The Second Follett Ministry was the third ministry of the Government of the Australian Capital Territory, and was led by Labor Chief Minister Rosemary Follett and her deputy, Wayne Berry. It was sworn in on 18 June 1991, after a successful resolution of no confidence in the Trevor Kaine led Liberal Party was passed in the Australian Capital Territory Legislative Assembly. Following the 1989 ACT general election, Labor, with a plurality of seats, led a minority government following the failure of an Alliance government between the Liberals and Residents Rally.

This ministry covers the period from 18 June 1991 (when the Ministry was sworn in) until the 1992 ACT general election.

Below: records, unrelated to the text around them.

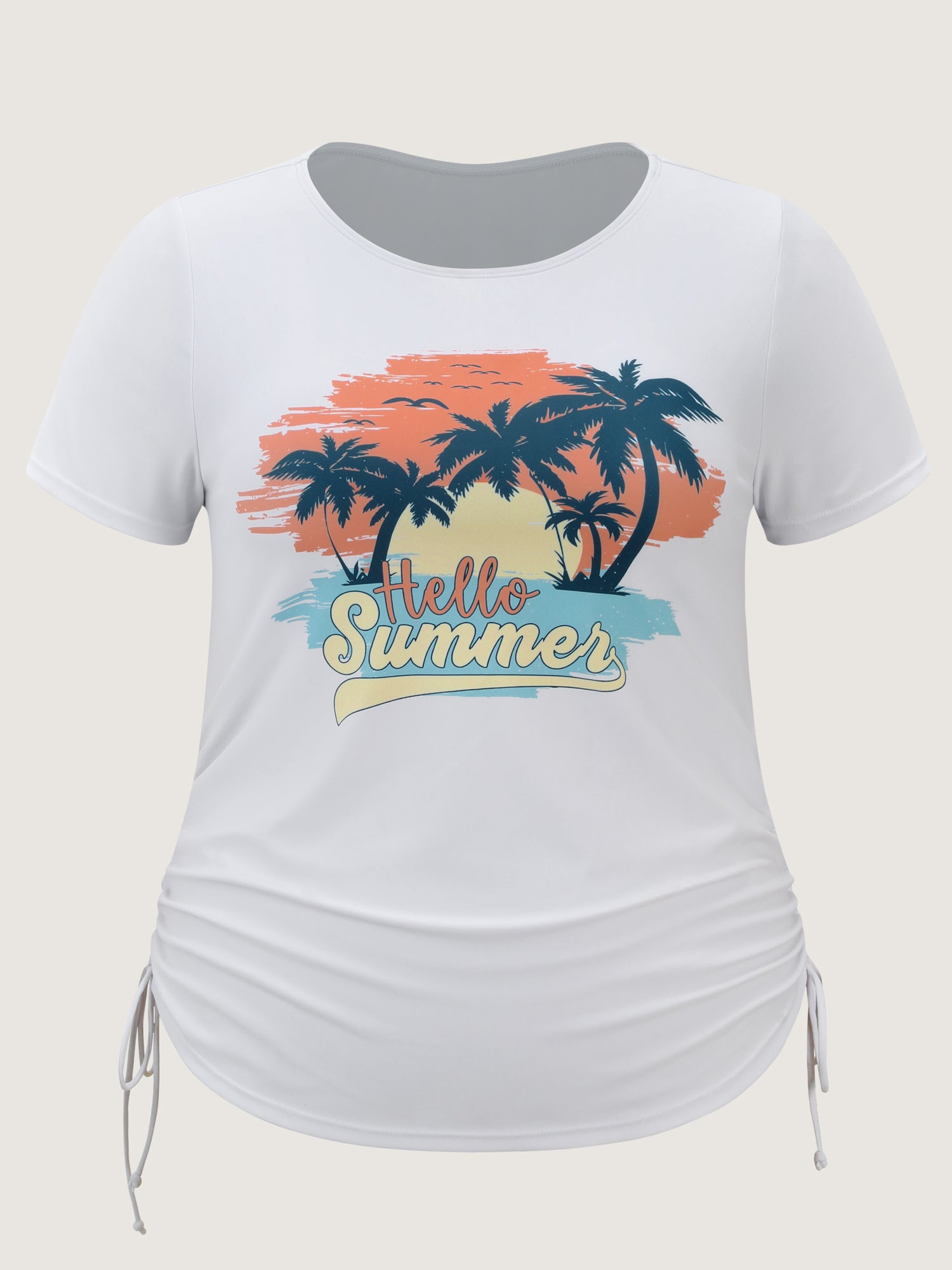 Shop Sunkissed Pattern Side Drawstring Swim Top now and redefine your style with confidence at BloomChic. Tailored for mid and plus-size women. This trendy Swimwear Women, sizes 10-30. Color:Optic White;Style:Resort;Cup Type:Fixed cups;Coverage:Full;Pattern Type:Tropical;Prints:Landscape pattern;Details:Drawstring;Pocket:No-pocket;Belt:No-belt;Chest pad:Non-removable padding;Structural function:Bust-Lift;Swimsuit types:Tankini;Functional Fabric:Chlorine Resistant,UPF 50 Sun Protection
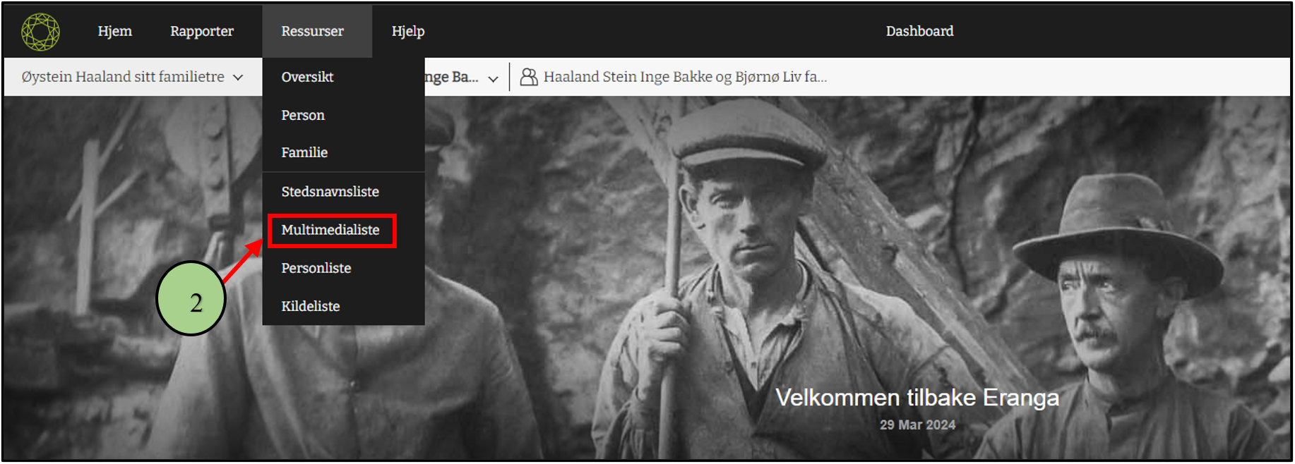 3. I multimedialisten vises alle bildene i familietreet. For hvert bilde vises et redigerings-okon. Klikk på dette for å åpne en liten meny.
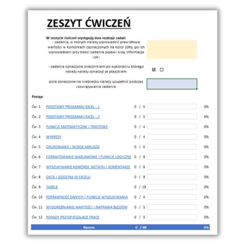 Excelowy zeszyt ćwiczeń z zagadnieniami na poziomie podstawowym zawiera 79 zadań do samodzielnego rozwiązania.

There was one minor change during this period when, on 20 December 1991, a new ministry for industrial relations was created with Berry as minister and the ministries of education and arts divided into separate ministries, with Woods remaining as minister.

Paul Whalan, Follett's Deputy in the First Follett Ministry resigned from the Assembly on 30 April 1990 and was replaced by Terry Connolly.

== First Arrangement ==
This arrangement lasted from 7 June 1991 to 18 June 1991.

| Office | Minister | Party affiliation |  |
|---|---|---|---|
| Chief Minister Treasurer Attorney-General Minister for Housing and Community Services Minister for Finance and Urban Services Minister for Health, Education and the Arts | Rosemary Follett |  | Labor |

== Second Arrangement ==
This arrangement lasted from 18 June 1991 to 20 December 1991.

| Office | Minister | Party affiliation |  |
|---|---|---|---|
| Chief Minister Treasurer | Rosemary Follett |  | Labor |
| Deputy Chief Minister Minister for Health Minister for Sport | Wayne Berry |  | Labor |
| Minister for Education and the Arts Minister for the Environment, Land and Planning | Bill Wood |  | Labor |
| Attorney-General Minister for Housing and Community Services Minister for Urban Services | Terry Connolly |  | Labor |

== Third Arrangement ==
This arrangement lasted from 20 December 1991 to 6 April 1992.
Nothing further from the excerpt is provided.